Mobile Phones and Fashion
February 3rd, 2007

While dropping by a Brooklyn Cafe my eyes glanced on a copy of Saturday’s New York Times Technology section with an article about Cellphone Envy Lays Motorola Low ; the article has a interesting finding - the cellphone business has more in common with the fashion business than the technology/gadget business. According to the New York Times article:

Today, a phone’s value reflects not so much what it can do, but whether it is the envy of friends and colleagues.

“..When the sleek Motorola Razr V3 cellphone first hit the stores just over two years ago, it carried the price tag of a must-have status symbol: $500. Now?

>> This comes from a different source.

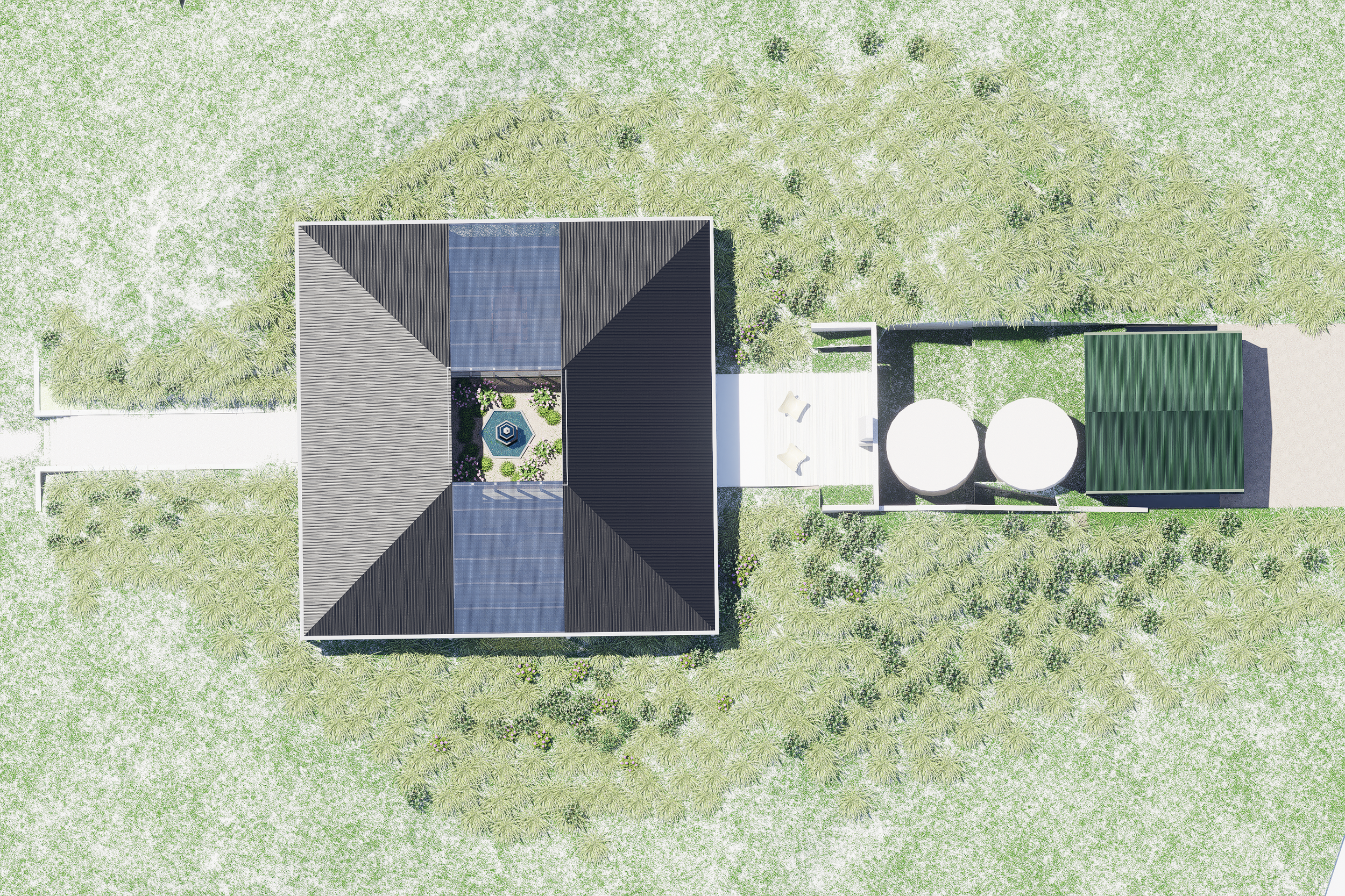 The kitchen, bedrooms and the workshop surround the courtyard, whole two outdoor rooms, nestled between the courtyard and adjacent rooms, allows for outdoor living. Screens slide across to enable these outdoor rooms to be utilised even in poor weather.

About $30 with a two-year service contract.

Motorola’s fortunes have plunged along with the price of its Razr. Its profits have collapsed, and it announced plans last month to lay off 3,500 workers. Since last October, its stock has dropped 30 percent….”

“….Just like fashion houses that shamelessly copy each other’s styles, rivals have also swarmed to duplicate the Razr mystique, flooding the market with thin-phone clones. Last year, Samsung unveiled the 6.9-millimeter-thick SGH-X820, which analysts called the ‘Slvr-kllr’ because it is 40 percent thinner than Motorola’s skinniest handset”.

However, it’s less and less likely that consumers want to spend several hundred dollars on a new cellphone:

“….The larger question is whether the cost-conscious majority will still pay the kind of prices for phones that once burnished Motorola’s profits. Most consumers are now on their fourth or fifth cellphone, and implicitly understand that technology is quickly improving and wireless carriers are constantly slashing prices.”